* [Collected material]
-- -- --
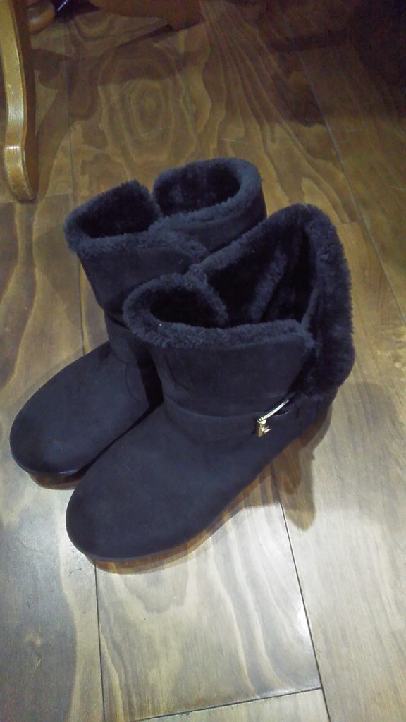 入荷したてのブラック×ボア・ハーフブーツ、ホワイト×ボア・帽子、ホワイト・ニット帽子、グレー×ストライプ・帽子、ベージュ×ファー・手袋をお買い上げくださいました👗
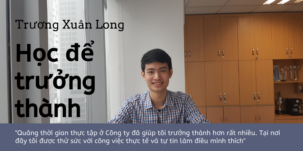 Một sinh viên năm cuối chuẩn bị ra trường chưa có kinh nghiệm làm việc, ngày tham gia phỏng vấn tôi lo lắng mình sẽ không được nhận nhưng anh trưởng phòng đã tin tưởng và tuyển dụng tôi vào làm việc tại Công ty. Thời gian đầu làm việc còn cực kì non kém, tôi được các anh chị tận tình chỉ bảo cho những điều dù là nhỏ nhất. Trước đây tôi thường nghe các câu chuyện về thực tập sinh như “ôi dào, dạy thực tập sinh làm gì bọn nó vụng lắm còn không biết gì, cho làm lại hỏng việc thì mình khổ ra”. Nhưng tại nơi đây, tôi được các anh chị trang bị cho các kiến thức, kỹ năng nền tảng và được tin cậy để tham gia vào các dự án khác nhau với mức độ, yêu cầu, cường độ khác nhau.
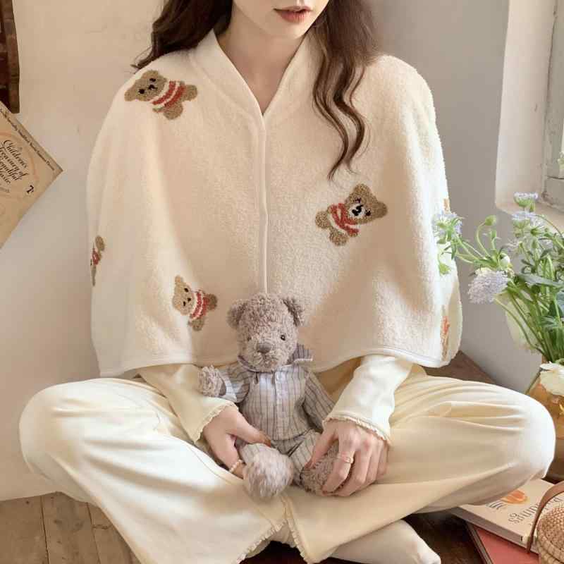 ・対象: レディース・素材: フリース・シーズン: 冬、春、秋・スタイル: カジュアル・丈: ミドル丈・カラー展開: ブルー、ピンク、ライトパープル・柄: 小熊、ドット、千鳥格子、麦穂柄・機能: 保温・加工: 刺繍・特徴: 厚手
-- -- --
* [Work to be completed] From the line that holds "Một sinh viên" down to the last line of the material above, every line is to be copied exactly, both ends included; pictures are to be omitted.

* [Result]
 Một sinh viên năm cuối chuẩn bị ra trường chưa có kinh nghiệm làm việc, ngày tham gia phỏng vấn tôi lo lắng mình sẽ không được nhận nhưng anh trưởng phòng đã tin tưởng và tuyển dụng tôi vào làm việc tại Công ty. Thời gian đầu làm việc còn cực kì non kém, tôi được các anh chị tận tình chỉ bảo cho những điều dù là nhỏ nhất. Trước đây tôi thường nghe các câu chuyện về thực tập sinh như “ôi dào, dạy thực tập sinh làm gì bọn nó vụng lắm còn không biết gì, cho làm lại hỏng việc thì mình khổ ra”. Nhưng tại nơi đây, tôi được các anh chị trang bị cho các kiến thức, kỹ năng nền tảng và được tin cậy để tham gia vào các dự án khác nhau với mức độ, yêu cầu, cường độ khác nhau.
 ・対象: レディース・素材: フリース・シーズン: 冬、春、秋・スタイル: カジュアル・丈: ミドル丈・カラー展開: ブルー、ピンク、ライトパープル・柄: 小熊、ドット、千鳥格子、麦穂柄・機能: 保温・加工: 刺繍・特徴: 厚手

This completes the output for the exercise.